Here’s a story of crazy ambition: restoring an ancient car when all that’s really left is its engine, and then attempting to break the speed record that the car itself set a hundred years ago. And just look at the car in question! It’s a Darracq, a strange and oddly beautiful monster with a vast engine of 25.4 litres.
On 30 December 1905 this car set the world land speed record of 109.65mph driving along a road in France. Amazingly it had only been finished two days earlier and never tested before achieving its record, although it had been specifically designed for speed.
Its current owner, Mark Walker, plans to break that speed on the very same road. A quixotic pursuit, you might think, and a dangerous one too.

The original Darracq in 1905
Mark has been working for some years to restore the car. It had been bought from Darracq in 1906 by the splendidly named Sir Algernon Lee Guinness (part of the brewing family), who set several speed records culminating in the fastest time of the day and the car’s highest recorded speed of 121.57mph. Unfortunately, a few years later, Sir Algernon’s mother apparently insisted he clear out his junk from the family home, and the car was scrapped. Algernon, known as ALG, later hurriedly got the engine back from a local dealer, but only after the front and rear axles had been cut off.

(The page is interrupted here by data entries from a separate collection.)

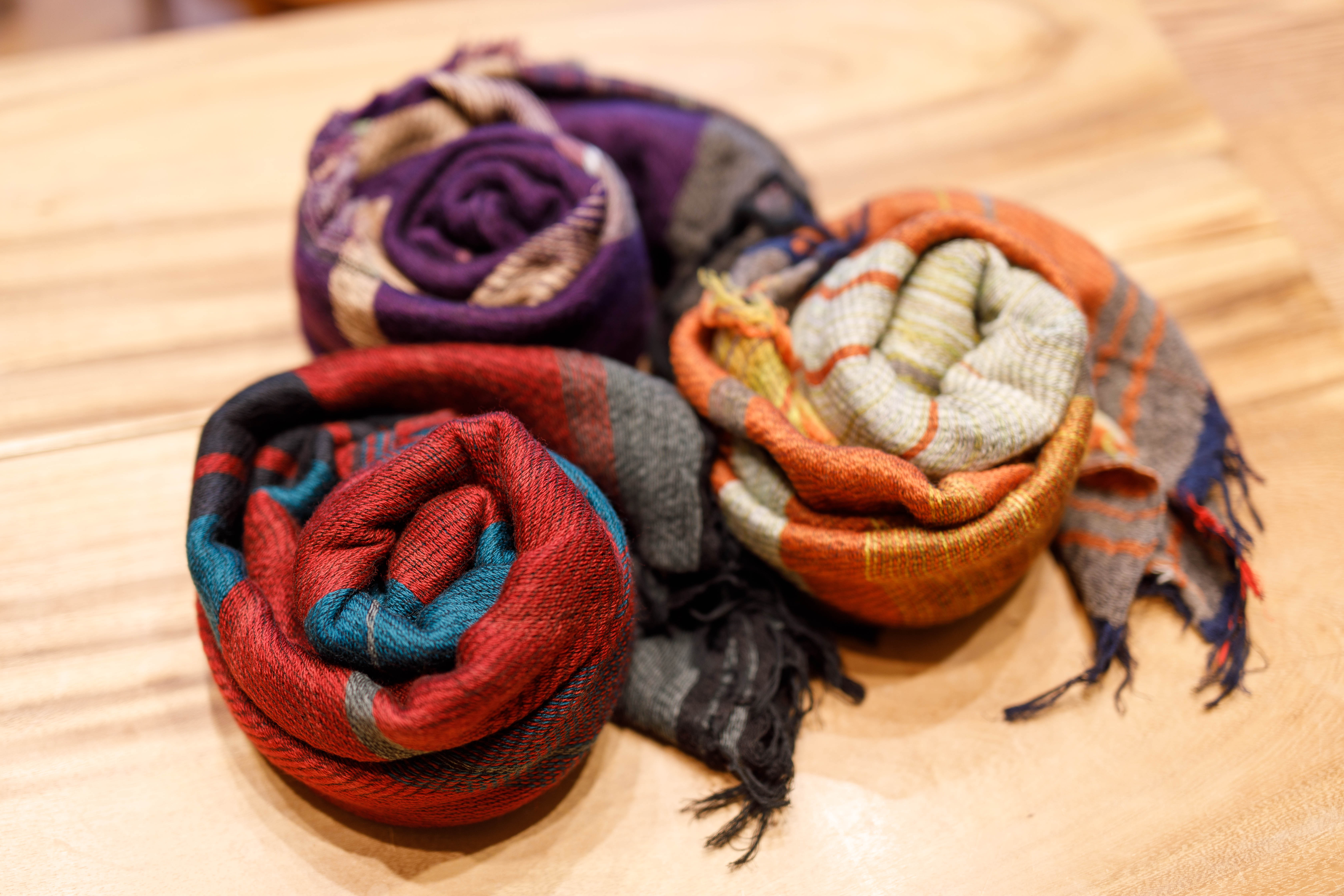 東北では3店舗しかお取り扱いのない『tamaki niime』のアイテムはすべて配色や柄が異なる1点物。手しごとの心地よさを体験してください。
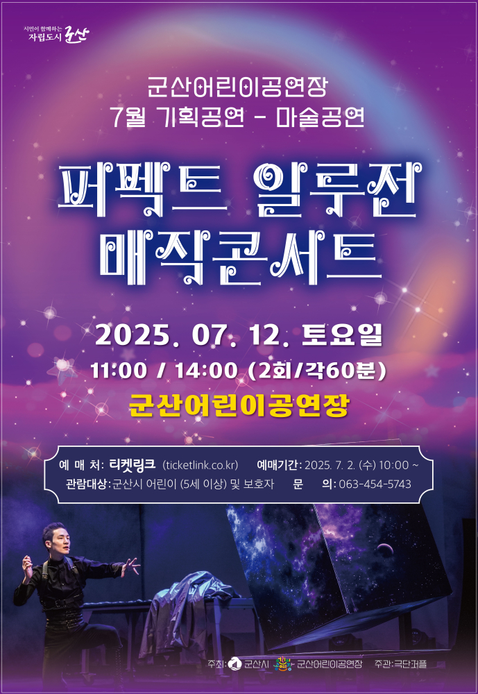 112 군산어린이공연장 7월 기획공연 '퍼펙트 일루전 매직콘서트' 안내 다운받기 예술의전당관리과 25.06.18 353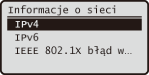 Wyświetla ustawienia sieciowe, np. adres IP urządzenia.

So the car was a mess. Mark rebuilt it using all the remaining parts of the original that still existed, including the engine in its entirety, but he had to recreate everything else by turning to original photographs from the early 1900s. He enlarged the photos to such an extent that lettering could be read on the tyres, and was able to spot tiny details that he could then correct.
One mystery was a small brass button on the steering wheel. Mark ended up with a drawer full of a hundred brass buttons, none of them quite right. So of course he made one. It turned out that the button’s importance was rather high. It ‘cuts’ the engine, in order to change gear.
Now Mark is taking the old car out and about. The other weekend, for example, it was watched at the Curborough Sprint by Marcus, our sales director, who enjoyed seeing the 100-year-old beast going sideways into corners at crazy speeds. In fact it broke an Edwardian racing car record by a good seven seconds.
We’ll make sure Marcus keeps us up to date on the Darracq and Mark Walker’s escapades.